Championships spur entries into rental pool
EAGLE COUNTY — Think you’re going to make a killing renting your place for the 2015 FIS World Alpine Ski Championships? Here’s a number to keep in mind: 65 percent. That was the lodging occupancy rate at Whistler during the 2010 Vancouver Olympics.
Given that almost all the alpine events at Vancouver were at Whistler/Blackcomb, you’d think the lodging would have been packed, but that’s not the case. Still, there are people in the valley looking to rent out their homes for the first half of February, and at least some of whom expect top dollar for their units.
Dale Bugby, owner of Vail Resort Rentals, said he’s fielded a number of calls from people interested in getting out of town in February. He politely declines the offer — doing the work needed for just weeks isn’t worth it, he said.
The Vail Valley Partnership’s Vail on Sale program also probably isn’t the best place to list a condo for rent in February. Partnership director Chris Romer said that program is open only to organization members.
“We’d welcome anyone, but it probably wouldn’t work just for that,” Romer said.
While rooms have been booked well in advance for virtually all of the national teams, international press and others in the cadre of professionals who follow World Cup skiing around the globe, people who just want to come out for the racing or the scene may not have made their reservations yet.
No Big Numbers Yet
Jon Eskin manages the home rental program at Berkshire Hathaway HomeServices Colorado Properties (former Prudential Colorado Properties). Eskin said while his company has booked a number of units to the professionals coming to the championships, general travelers aren’t yet booking in big numbers.
The question, Eskin said, is whether travelers will book in large numbers.
“We’re hopeful they’ll come out,” Eskin said.
The Partnership tracks lodging occupancy. Romer said the people there will take out the reservation numbers from the professionals coming for the championships to determine what the event’s ultimate effect on local lodging.
With the countdown to the championships now measured in weeks, Romer said the challenge will be to find the right balance between availability and rates.
“I hope we’re not driving (business) away with rates or increased length of stay requirements,” he said.
While some owners may want to hop on the rental bandwagon just for this coming February, there are usually plenty of private homes available for rent just about every winter.
Those units aren’t regulated in Vail, something Bugby believes need to change. Earlier this year, Bugby and a group of town lodging managers asked the Vail Town Council to start work on an ordinance that would impose regulations on units rented through private channels or via online services including Vacation Rentals by Owner. Bugby and others believe, among other things, that the town is losing a significant amount of lodging tax revenue without tighter regulations on private owners.
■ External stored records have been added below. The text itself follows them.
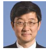
野城智也教授 (東京大学 生産技術研究所教授)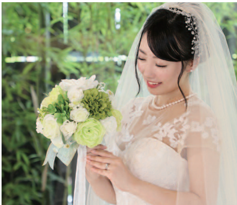
▲婚約指輪・結婚指輪はもちろん結納品も扱う津の老舗。一生の絆としてふさわしい上質リングのみを厳選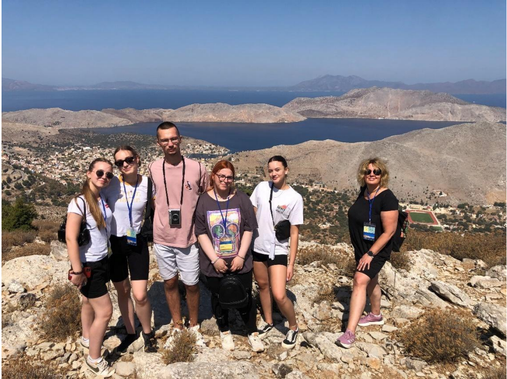
Sl. 69. EU Reporters: mobilnost u Grčkoj ( 2023.)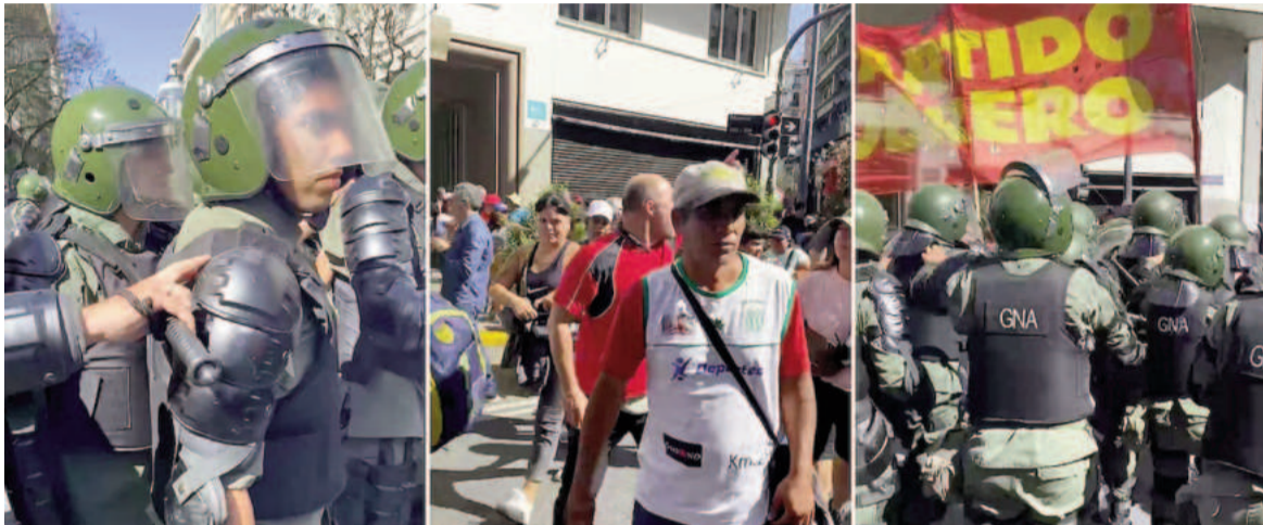
Prohíben dar de baja planes sociales a activistas y piqueteros que realicen actos violentos.

The proposal to regulate private rentals didn’t get far, something that has left Bugby curious.
“I’ve had a few conversations with locals and ask them, ‘What are you afraid of? People paying taxes they owe? Having carbon monoxide detectors?’”
Avon does regulate short-term rentals, and bans them entirely in the Wildridge neighborhood north of Interstate 70. Some residents have asked town officials to re-visit that ban, with no success so far.
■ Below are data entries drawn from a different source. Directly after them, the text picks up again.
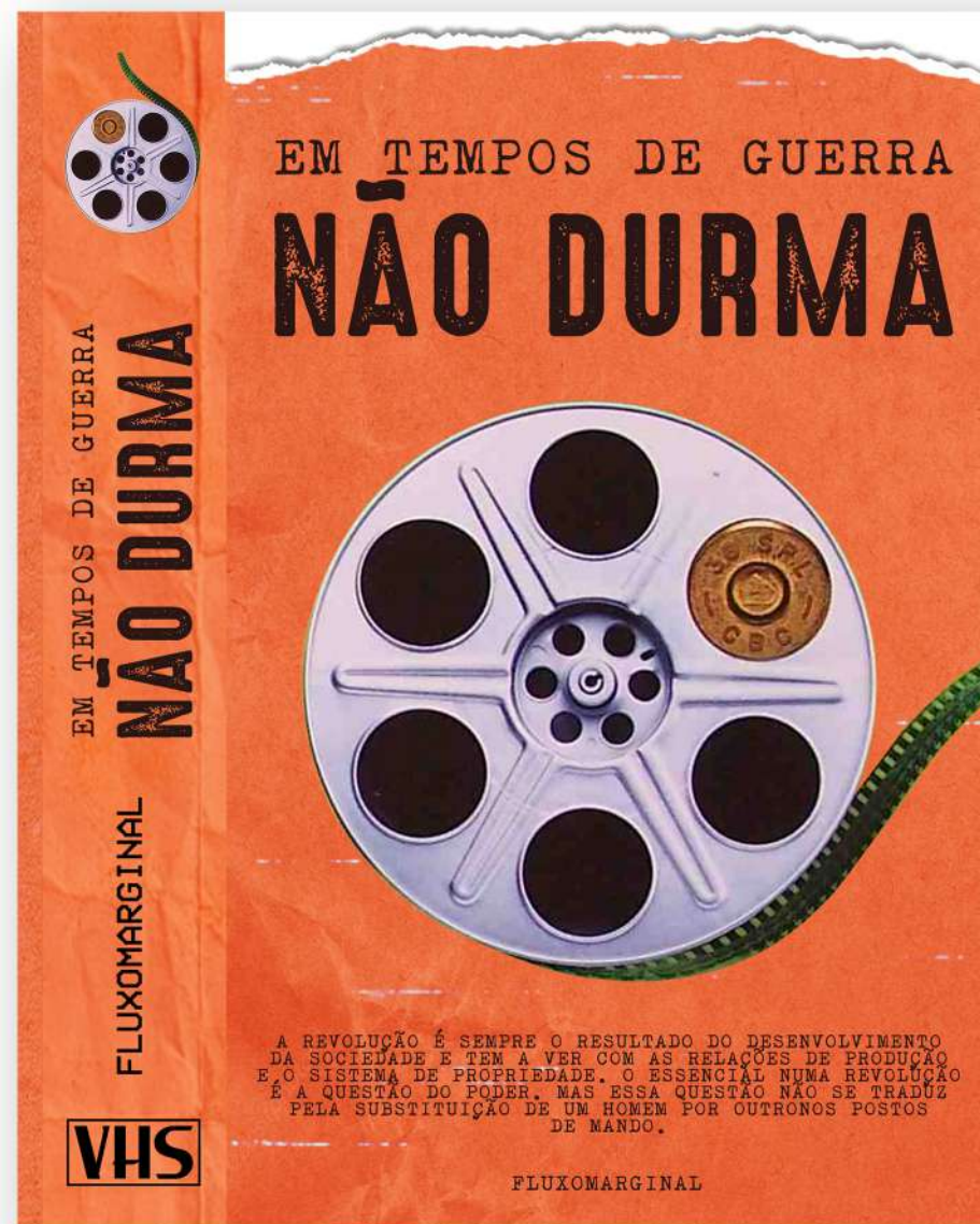
CAPA DO FILME “EM TEMPOS DE GUERRA, NÃO DURMA” FILME/MIXTAPE EXPERIMENTAL CAMPINA GRANDE - PB / FORTALEZA - CE 2018

OS EXPERIMENTOS COM CORTES PASSAM A FAZER PARTE DO PROCESSO DE CRIAÇÃO DE OUTRAS LINGUAGENS ARTÍSTICAS. ABRINDO CAMINHOS PARA PRODUÇÕES COMO “EM TEMPOS DE GUERRA, NÃO DURMA”.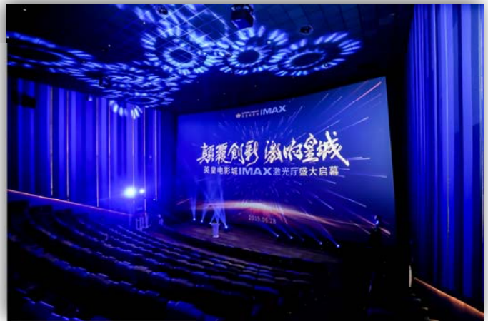
IMAX Laser 放映院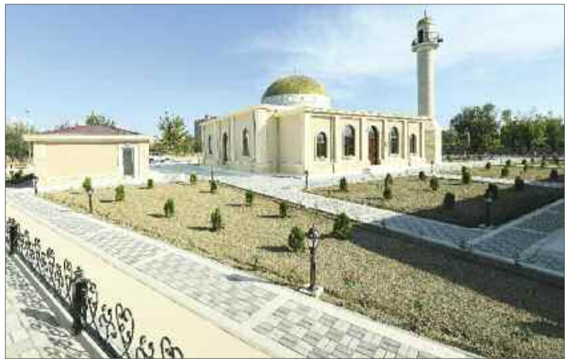
Babək rayonunun Babək qəsəbəsində məscid və mərasim evi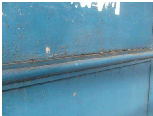
Fig 2: Detalhe do portão danificado por ferrugem

Divisão de Engenharia Rua Clarimundo de Melo, 847 – Quintino - CEP 21311-280 – (21) 2332-4091 – 2332-4052 DIENG@FAETEC.RJ.GOV.BR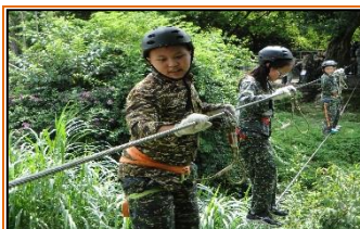
暑期人權法治教育體驗營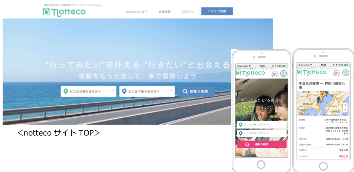
<notteco サイト TOP>

これにより、今後本格的にサービスを提供するにあたり利用者に安心してサービスを利用いただくことができるようになりました。notteco としては、さらに今後、生活交通が課題となっている交通過疎地における新たな交通手段としての展開も進めていく予定です。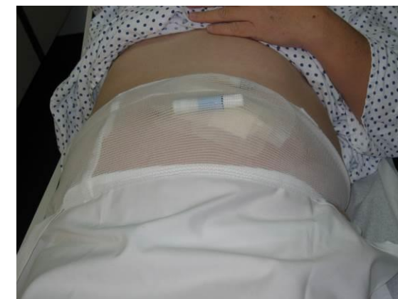
Nato imobiliziramo peritonealni kateter in pretočni set na bolnikovo telo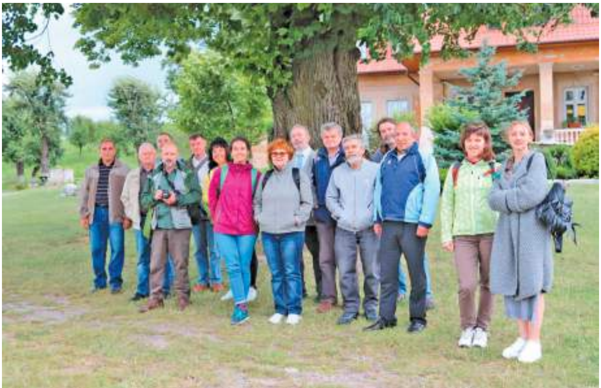
Учасники наукового семінару, присвяченого 50-річчю Галицької археологічної експедиції. Галич, 11 липня 2019 р.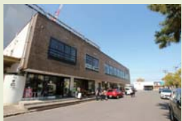
間屋町まで 自転車で約10分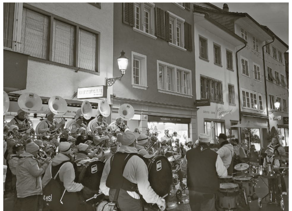
Fasnachteröffnung im November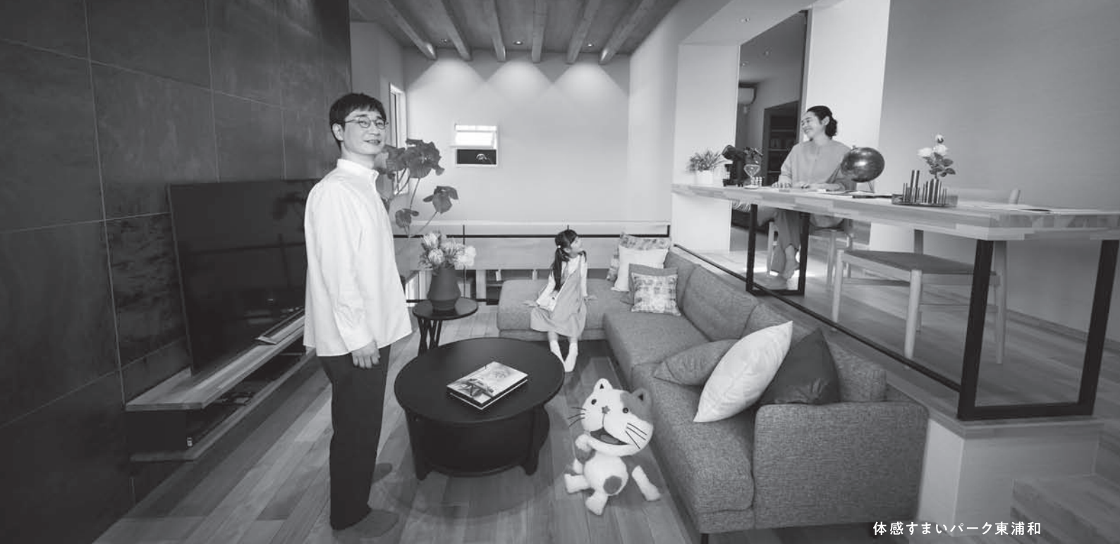
体感すまいパーク東浦和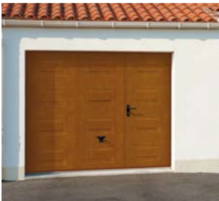
Modèle Deliso vernis chêne doré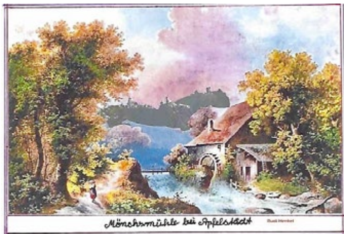
Die Mönchsmühle, fiktiv erstellt durch Rudi Henkel

Die „Mönchsmühle“ wurde dem Dorfe gegen einen jährlichen Erbzins von 10 Schillingen (Pfennigen) überlassen; dagegen sollte das Hirtenhaus hierfür keinen Erbzins zahlen. [lt. Linz] 1758 stand die Mühle noch, sie gehörte der Gemeinde [lt. Brückner].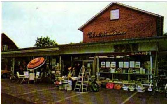
Kaufhaus Christiansen-Sarau gibt auf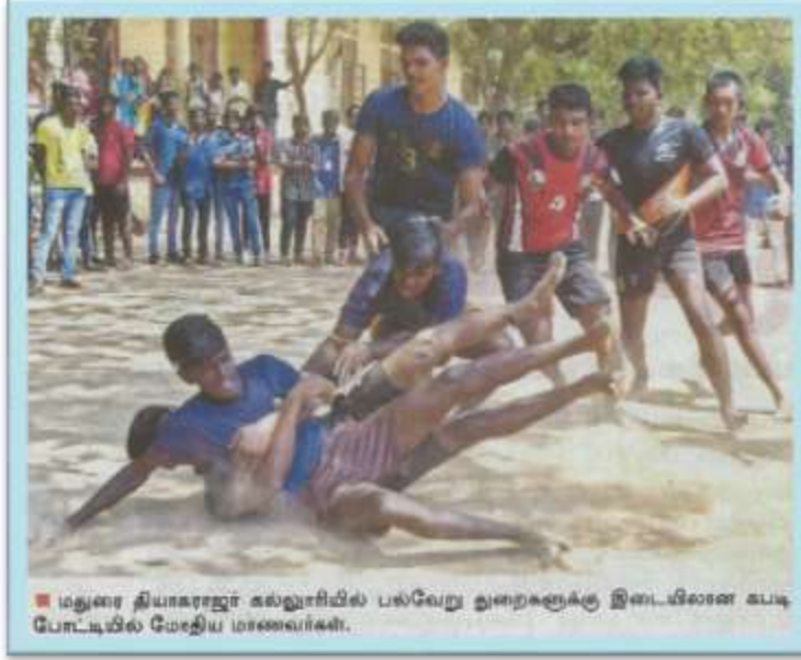
■ மதுரை தியாகராஜர் கல்லூரியில் பல்வேறு துறைகளுக்கு இடையிலான கடித போட்டியில் மேதிய மாணவர்கள்.

Brian Garner, a member of the town’s planning staff, said his office has received several calls from property owners asking about the regulations, and what they need to do to comply with the town’s requirements. Those requirements are fairly simple — assuming your unit is in an area zoned for short-term rentals, and your condo association allows the practice. People must hold a town sales tax license, and pay lodging taxes on revenue earned. Units rented must also have working carbon monoxide detectors.
With those fairly simple requirements, Garner said his office has fielded a number of calls from people interested in jumping into the short-term rental pool.
If there is increased supply, then it’s hard to tell what that’s going to do to demand, and prices.
“Everybody thinks they’re going to get rich,” Bugby said. “The perception is there’s this huge demand for rooms, and there isn’t.”